While the Visual Language Model (VLM) has demonstrated the ability to understand and reason about visual content, it struggles with tasks requiring cross-view understanding and spatial reasoning. Current VLMs excel primarily at egocentric spatial reasoning from a camera perspective, but fail to generalize to allocentric viewpoints when applying the spatial reference frame of another object. ViewSpatial-Bench is the first comprehensive benchmark designed to evaluate multi-view spatial localization recognition. It includes five task types and supports an automatic 3D annotation pipeline that generates accurate orientation labels. A comprehensive evaluation of various VLMs on ViewSpatial-Bench reveals significant performance gaps.

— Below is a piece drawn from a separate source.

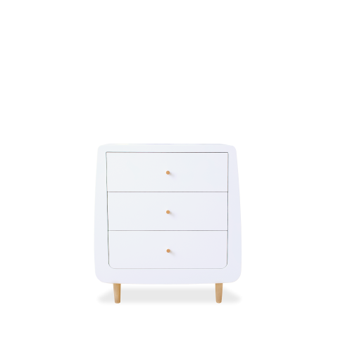 La commode à langer Ginni est une commode transformable élégante et sécurisée, dotée de tiroirs spacieux avec fermeture douce, sans angles vifs, et d’une conception stable anti-basculement empêchant toute chute même si l’enfant grimpe dessus. / Ginni changing dresser is a stylish and safe transformer chest with spacious drawers, soft-close mechanisms, no sharp edges, and a stable anti-tip design that prevents falling even if a child climbs on it.

While the models perform reasonably well on camera-view tasks, their accuracy degrades when inferring from a human viewpoint. By fine-tuning the VLM on a multi-view spatial dataset, we achieve a 46.24% performance improvement across all tasks. This provides evidence that modeling 3D spatial relationships enhances the spatial understanding capabilities of the VLM.
Takeaways, Limitations
•
Currently, VLM is strong in egocentric (camera-view) spatial reasoning, but fails to generalize to other-centric viewpoints.
•
ViewSpatial-Bench is the first comprehensive benchmark for evaluating multi-view spatial localization recognition.
•
3D spatial relationship modeling enhances the spatial understanding capabilities of VLM.
•
Fine-tuning the VLM can improve overall performance.
•
This study provides an important benchmark for spatial intelligence.